Angst vor dem Präzedenzfall
Christiane Schlötzer, Süddeutsche Zeitung vom 13. Juni 2003
Die Gedenkstätte liegt auf einem Hügel über dem Dorf, in den Ausläufern des mächtigen Parnassos-Massivs. Touristen erreichen den Ort eher selten, auch wenn sie ihm recht nahe kommen, auf dem Weg über Serpentinenstraßen ins benachbarte antike Delphi. In der Gedenkstätte von Distomo gibt es einen Schrank.

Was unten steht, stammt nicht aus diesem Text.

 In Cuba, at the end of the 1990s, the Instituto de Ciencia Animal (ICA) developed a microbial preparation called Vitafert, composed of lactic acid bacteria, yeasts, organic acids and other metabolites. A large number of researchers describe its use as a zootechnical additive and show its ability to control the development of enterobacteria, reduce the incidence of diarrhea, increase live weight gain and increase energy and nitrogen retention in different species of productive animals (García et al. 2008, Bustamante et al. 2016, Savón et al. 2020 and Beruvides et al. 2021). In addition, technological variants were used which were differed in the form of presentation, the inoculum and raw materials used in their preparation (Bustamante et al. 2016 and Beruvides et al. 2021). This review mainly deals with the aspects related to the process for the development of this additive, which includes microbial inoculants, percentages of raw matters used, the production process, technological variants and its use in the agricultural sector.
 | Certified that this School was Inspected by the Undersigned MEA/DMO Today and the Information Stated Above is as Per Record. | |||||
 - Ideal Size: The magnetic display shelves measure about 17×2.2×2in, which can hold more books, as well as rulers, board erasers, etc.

Öffnen sich die Türen, fällt der Blick auf Gebeine. 218 Totenköpfe liegen in den Holzfächern, an jedem Fach ist ein weißer Zettel angeheftet, darauf ein Name.

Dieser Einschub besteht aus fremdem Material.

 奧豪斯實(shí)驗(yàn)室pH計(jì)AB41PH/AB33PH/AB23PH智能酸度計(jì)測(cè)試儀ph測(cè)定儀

Das Geschehen von Distomo am 10.Juni 1944 ist gut dokumentiert. Es war Gegenstand eines NS-Militärtribunals, weil schon kurz nach dem Massaker bekannt wurde, dass die mörderische Kompanie der 4. SS- Panzergrenadierdivision keineswegs von Bewohnern des Dorfes angegriffen worden war, wie der Kommandant, SS-Hauptsturmführer Fritz Lautenbach, behauptet hatte. An jenem Tag wurde die Einheit nämlich von einem Mann der Geheimen Feldpolizei begleitet. Dieser berichtete, die Kompanie sei zwar von griechischen Widerstandskämpfern attackiert worden, aber viele Kilometer von Distomo entfernt.
Nachdem die SS-Leute die Partisanen aus den Augen verloren hatten, fielen sie über das wehrlose Dorf Distomo her, töteten wahllos Männer und Frauen, auch zwölf Greisinnen von mehr als 70Jahren und vier Säuglinge mit weniger als sechs Monaten. Bei der Untersuchung durch das NS-Militärtribunal gab Hauptsturmführer Lautenbach zu, dass er die üblichen Befehle überschritten habe; er wurde dennoch exkulpiert. Griechische Zeugen wurden nicht gehört.

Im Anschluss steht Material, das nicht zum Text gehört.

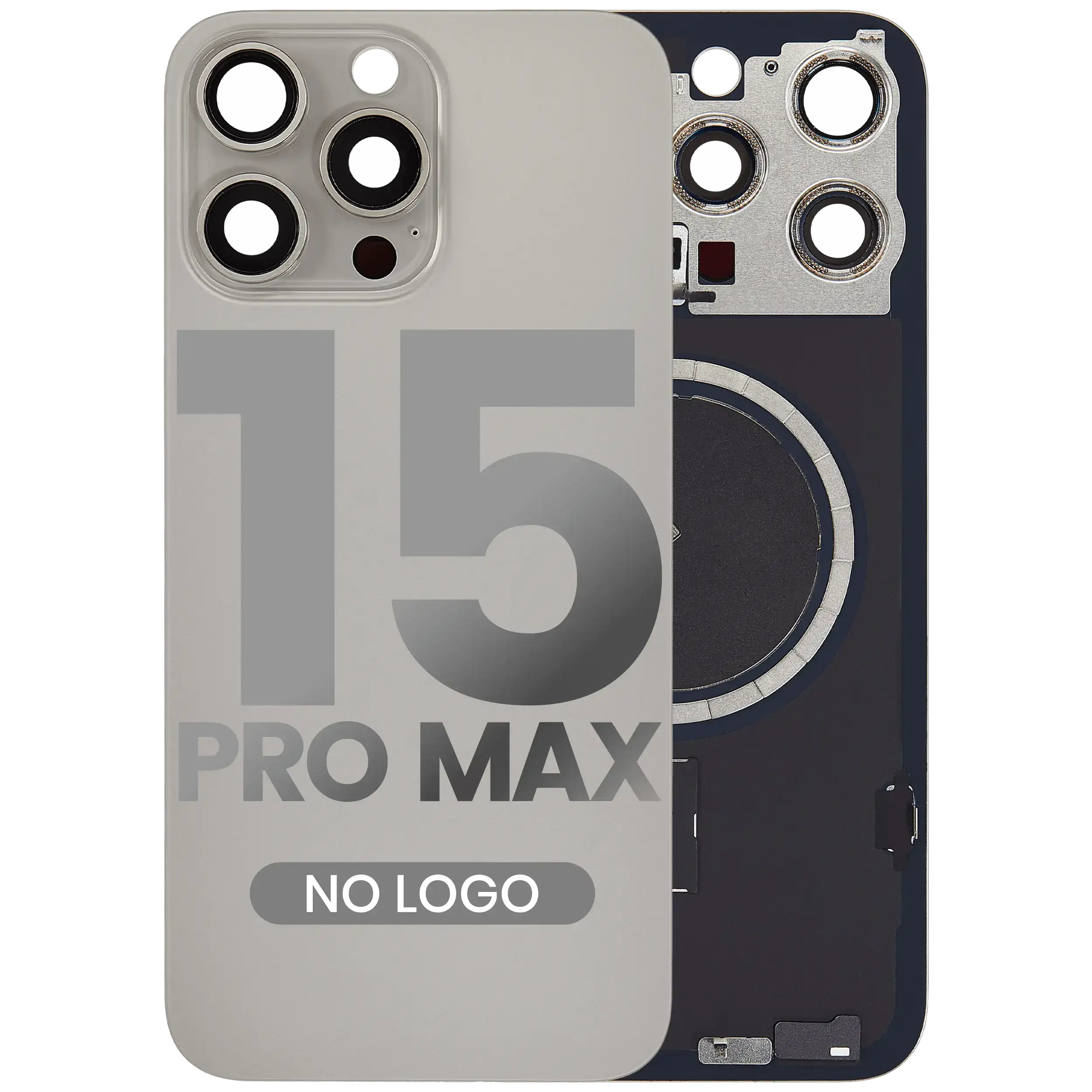 Back Glass With Steel Plate With MagSafe Magnet Pre-Installed iPhone 15 Pro Max (No Logo) (Natural Titanium)

Das Geschehen von Distomo war lange nur noch in der Erinnerung der Opfer präsent, und allenfalls ein paar Historiker interessierten sich für die alten Akten. Als erster höchster Repräsentant der Bundesrepublik reiste der frühere Bundespräsident Richard von Weizsäcker 1987 nach Griechenland, um sich vor den Opfern der deutschen Militärherrschaft zu verneigen. Die Angehörigen der Ermordeten hofften, Deutschland werde dieser Geste eine finanzielle Entschädigung folgen lassen.
Aber alle deutschen Regierungen fürchteten einen Präzedenzfall. Regelmäßig wurde auf eine frühere Pauschalentschädigung an Athen verwiesen. Für die Hinterbliebenen aber war dies nicht einmal ein Almosen. So klagten sie, und bekamen zunächst Recht, von einem Landgericht in Livadia, in dessen Bezirk die Ortschaft Distomo liegt. Aber bislang konnten die Kläger die 1997 in Livadia und im Jahr 2000 sogar vom griechischen Areopag, dem höchsten Gericht des Landes, bestätigte Entschädigung von damals 55 Millionen Mark juristisch nicht gegen die Bundesrepublik durchsetzen.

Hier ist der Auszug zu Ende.